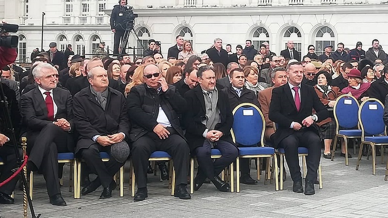 Στην σημερινή τελετή στην πρώτη σειρά κάθονταν τρεις πρώην πρωθυπουργοί της γειτονικής χώρας, ο Λούπτσο Γκεοργκέφσκι, ο Χάρι Κοστόφ και ο Βλάντο Μπουκόφσκι ενώ το παρών έδωσαν υπουργοί της κυβέρνησης Ζάεφ, στελέχη του επιτελείου του ΝΑΤΟ στη χώρα, καθώς και πρέσβεις των κρατών-μελών του ΝΑΤΟ στα Σκόπια.
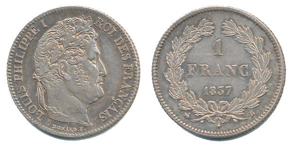 1 Frank 1837 B, Rouen, Y.201.2, KM.748.2_tém.
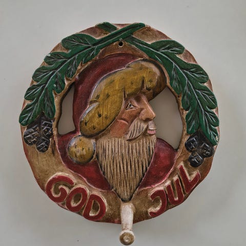Viser julemanden i sin stue.
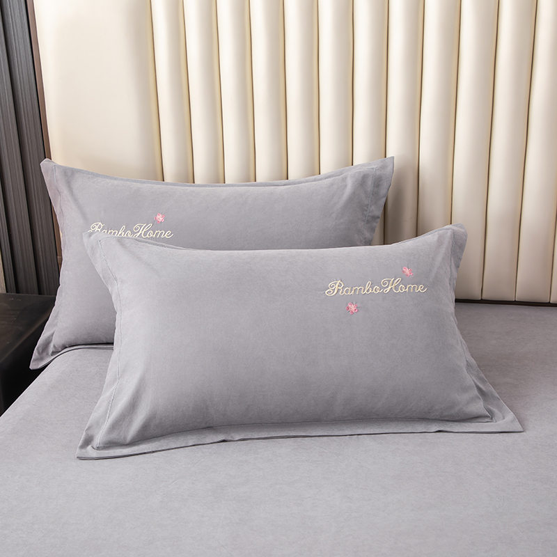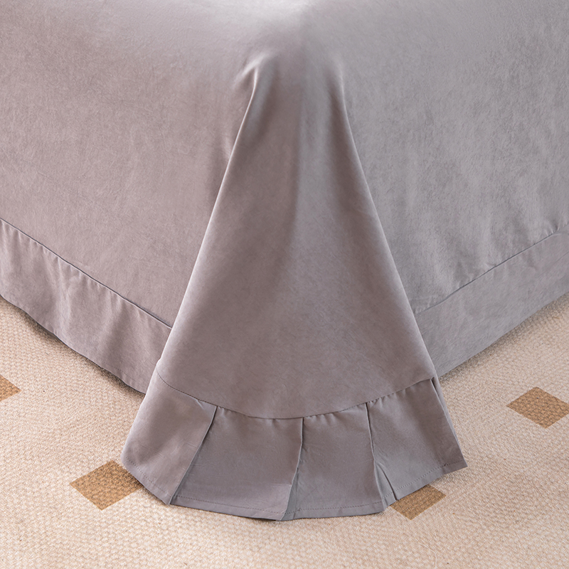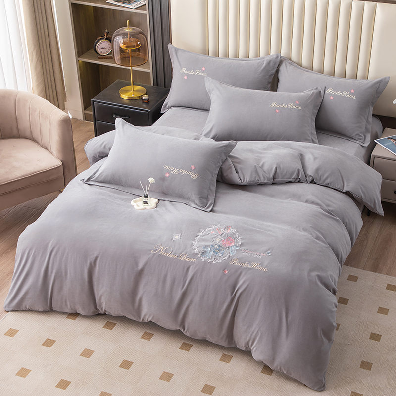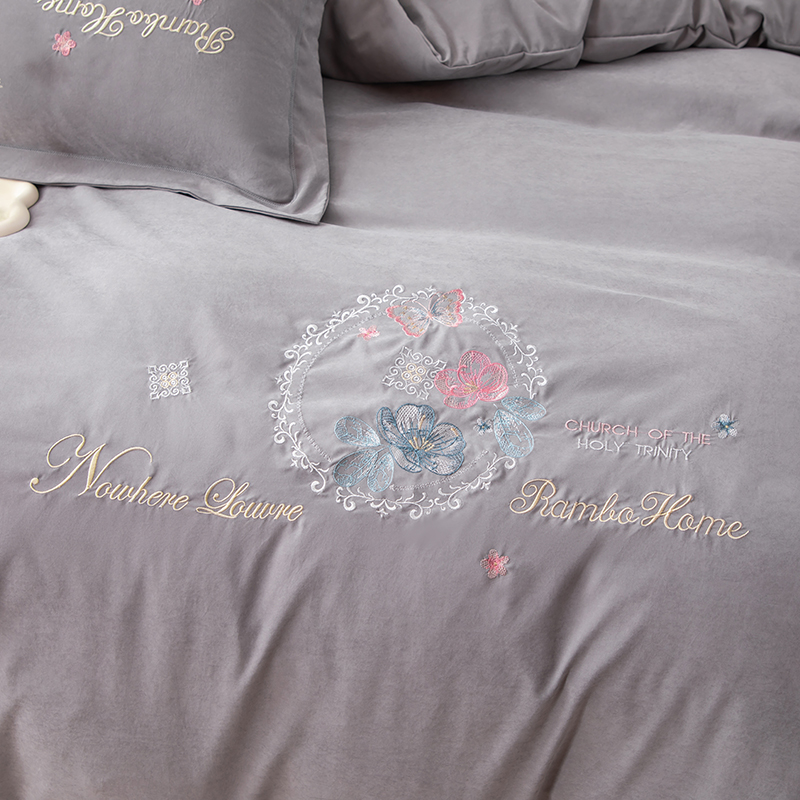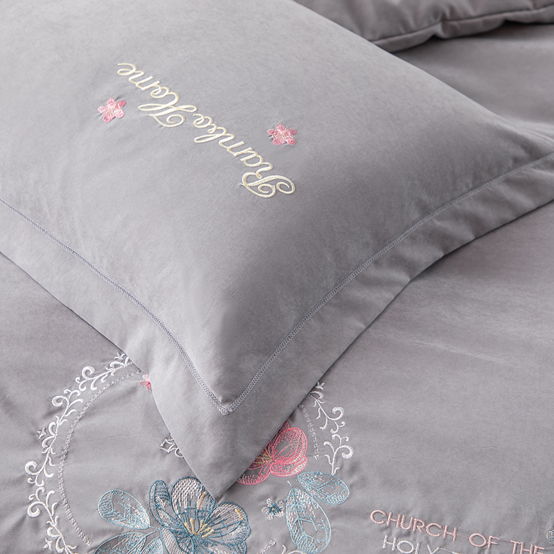 优姿家纺 2024新款锦棉绣花四件套吊边床单一字绣枕套套件-锦绣花园 锦绣花园-灰
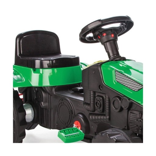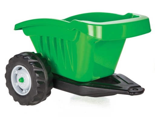 Traktor wyposażony został w dużą przyczepkę, w której mały kierowca zmieści zabawki lub piasek.
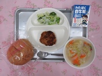 子どもパン キャベツたっぷりメンチカツ 野菜のスープ煮 グリーンサラダ 牛乳
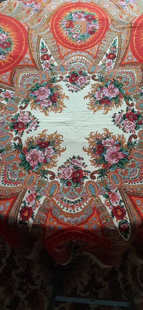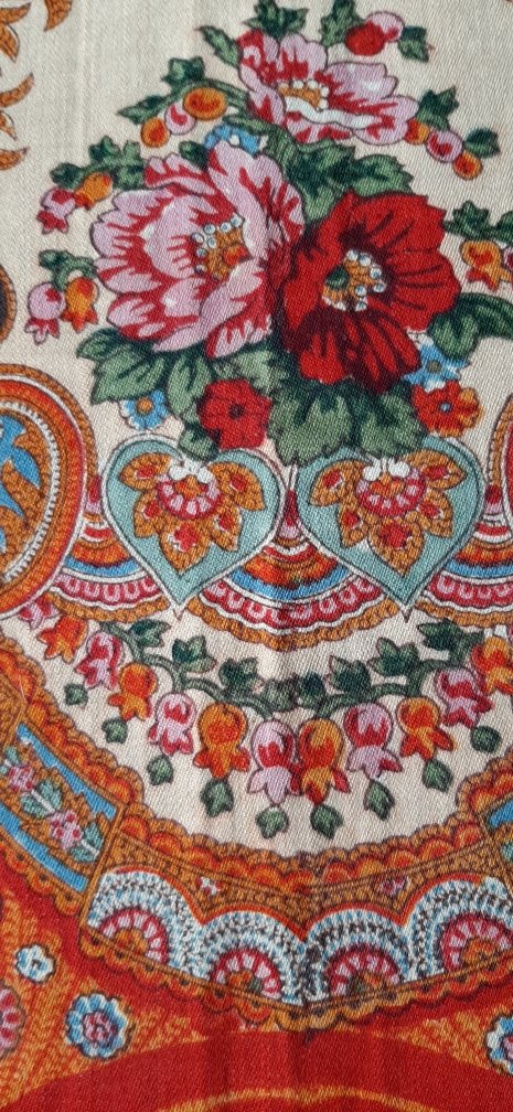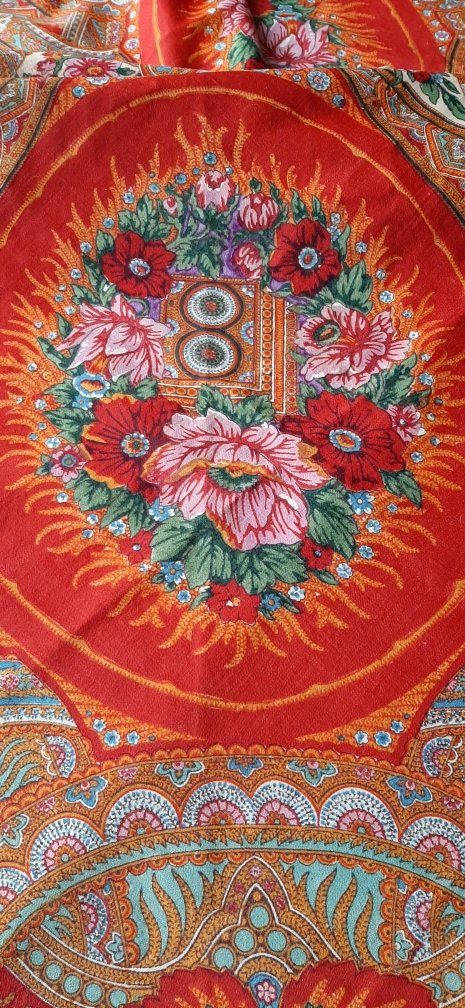 По информации продавца, платок хранился в семье и передавался по наследству от бабушки. Дословно:"он был подарен барином моей бабушке когда она была ещё ребёнком, у него была своя фабрика и красильня, это все было в Раменском районе Московской области, её родители у него работали. Платку 170 лет."
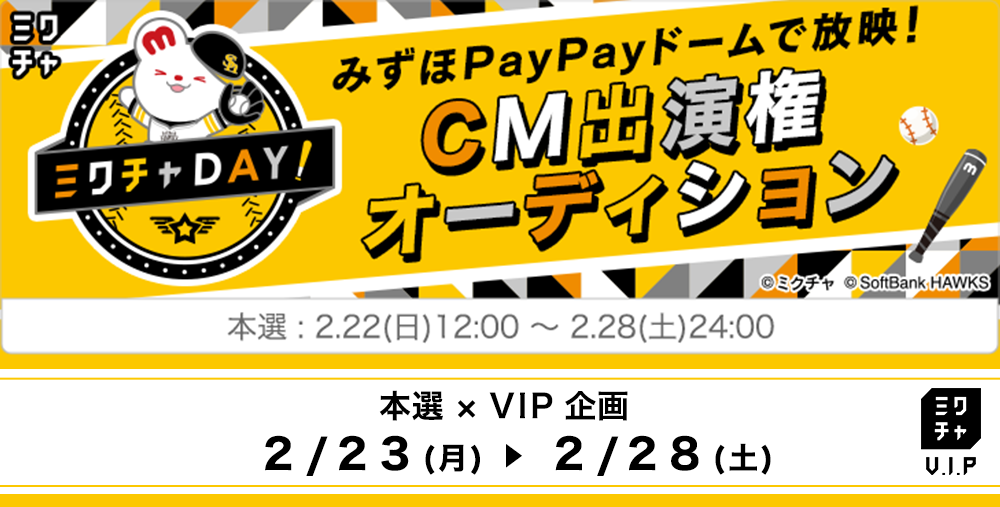 福岡ソフトバンクホークス【ミクチャDAY】みずほPayPayドームで放映!CM出演権オーディション×VIP企画(アプリ向け)

* **ABOUT THIS EXERCISE**
Output exactly the lines above that lie between the line with "1 Frank 1837" and the line with "子どもパン キャベツたっぷりメンチカツ 野菜のスープ煮 グリーンサラダ 牛乳", those two lines included, and no pictures.

* **WRITTEN REPLY**
 1 Frank 1837 B, Rouen, Y.201.2, KM.748.2_tém.
Viser julemanden i sin stue.
 优姿家纺 2024新款锦棉绣花四件套吊边床单一字绣枕套套件-锦绣花园 锦绣花园-灰
 Traktor wyposażony został w dużą przyczepkę, w której mały kierowca zmieści zabawki lub piasek.
 子どもパン キャベツたっぷりメンチカツ 野菜のスープ煮 グリーンサラダ 牛乳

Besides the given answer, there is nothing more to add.